Case $\Gamma$ is biregular: $(X = X^+\cup X^-)$

$d(x)$ and $a_i(x)$, $b_i(x)$, $c_i(x)$ $(0\leq i\leq d(x))$ are constant over $X^+$ and $X^-$. (And $\Gamma$ is called distance-biregular.)

Proof. We apply Lemma 13.1.

Case $\Gamma$: regular.

Then $m_x = m_y$ for all $xy\in E$. Hence, the measure of the trivial $T(x)$-module is independent of $x\in X$.

Case $\Gamma$ is biregular.

Then $m_x = m_{x'}$ for all $x, x'\in X$ with $\partial(x,x') = 2$.

Hence, the measure of the trivial $T(x)$-module is constant over $x\in X^+$, $X^-$.

Fix $x\in X$. Write $T\equiv T(x)$, $E^*_i \equiv E^*_i(x)$, $W = T\delta$ with measure $m$, diameter $d = d(x)$.

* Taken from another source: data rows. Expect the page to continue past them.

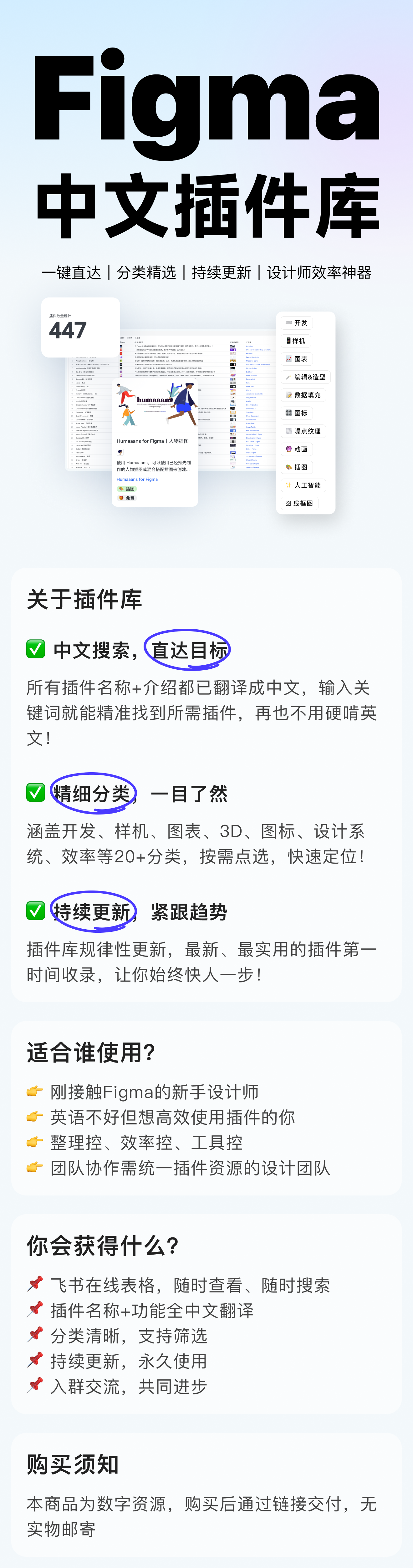 你是不是也遇到过这些烦恼?😣 ❶ 英文不好,Figma官网插件看不懂、搜不到? ❷ 收藏了一堆插件,用的时候却找不到? ❸ 工作急需某个功能,却不知道用什么插件? 别担心!我为你整理了👉【Figma中文插件库】,帮你彻底告别搜索困难症! ✅ 中文搜索,直达目标 所有插件名称+介绍都已翻译成中文,输入关键词就能精准找到所需插件,再也不用硬啃英文! ✅ 精细分类,一目了然 涵盖开发、样机、图表、3D、图标、设计系统、字体等15+实用分类,按需点选,快速定位! ✅ 持续更新,紧跟趋势 插件库每日更新,最新、最实用的插件第一时间收录,让你始终快人一步! 适合谁用? 👉 刚接触Figma的新手设计师 👉 英语不好但想高效使用插件的你 👉 整理控、效率控、工具控 👉 团队协作需统一插件资源的设计团队 你会获得什么? 📌 飞书在线表格,随时查看、随时搜索 📌 插件名称+功能全中文翻译 📌 分类清晰,支持筛选 📌 持续更新,永久使用 📌 入群交流,共同进步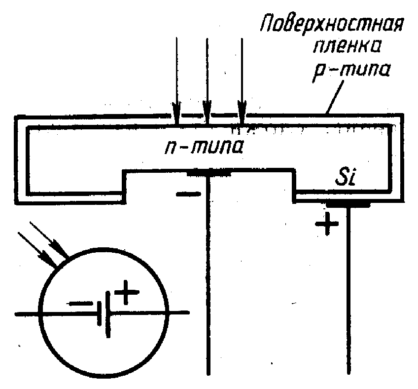 Принцип действия солнечной батареи: при поглощении кванта энергии hv полупроводником освобождается дополнительная пара носителей (электрон и дырка), которые движутся в разных направлениях: дырка — в сторону полупроводников p-типа, а электрон — в сторону полупроводников n-типа.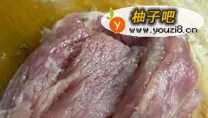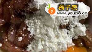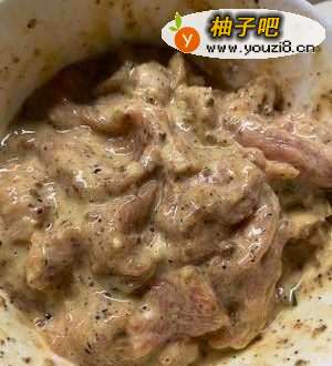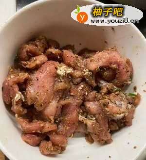 4蚝油,酱油,盐,花椒粉,葱姜和里脊拌匀,腌制15分钟

We know by Corollary 10.1 that $m$ determines \[d, \quad a_i(W) \; (0\leq i\leq d), \quad x_i(W) \; (1\leq i\leq d)\] (as $d = D(x) = d(W)$ by Lemma 11.1.)

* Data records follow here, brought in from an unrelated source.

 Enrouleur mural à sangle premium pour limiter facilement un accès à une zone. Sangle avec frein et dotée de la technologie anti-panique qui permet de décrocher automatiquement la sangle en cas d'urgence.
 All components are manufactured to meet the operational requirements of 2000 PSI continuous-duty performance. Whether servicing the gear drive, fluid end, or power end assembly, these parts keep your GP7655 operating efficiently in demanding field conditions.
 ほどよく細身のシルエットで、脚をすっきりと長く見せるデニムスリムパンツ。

We shall show that $m$ determines \[a_i(x), \; c_i(x), \; b_i(x) \quad (0\leq i\leq d).\] Observe: \[\begin{align} a_i(W) & = a_i(x) \quad (0\leq i\leq d)\\ x_i(W) & = b_{i-1}(x)c_i(x) \quad (1\leq i\leq d) \end{align}\]

HS MEMO

$a_i = a_i(W)$ is an eigenvalue of \[E^*_iAE^*_i \text{ on } E^*_iW = \langle \sum_{y\in \Gamma_i(x)}\hat{y}\rangle. \] (See Lemma 12.1.)

$x_i = x_i(W)$ is an eigenvalue of \[E^*_{i-1}AE^*_iAE^*_{i-1} \text{ on } E^*_{i-1}W,\] and \[\begin{align} A\sum_{y\in X,\partial(x,y)}\hat{y} & = b_{i-1}(x)\sum_{y\in X, \partial(x,y)=i-1}\hat{y} \\ & \quad + a_i(x)\sum_{y\in X, \partial(x,y)=i}\hat{y} \\ & \quad + c_{i+1}(x)\sum_{y\in X, \partial(x,y)=i+1}\hat{y} \end{align}\] So $x_i = b_{i-1}(x)c_i(x)$.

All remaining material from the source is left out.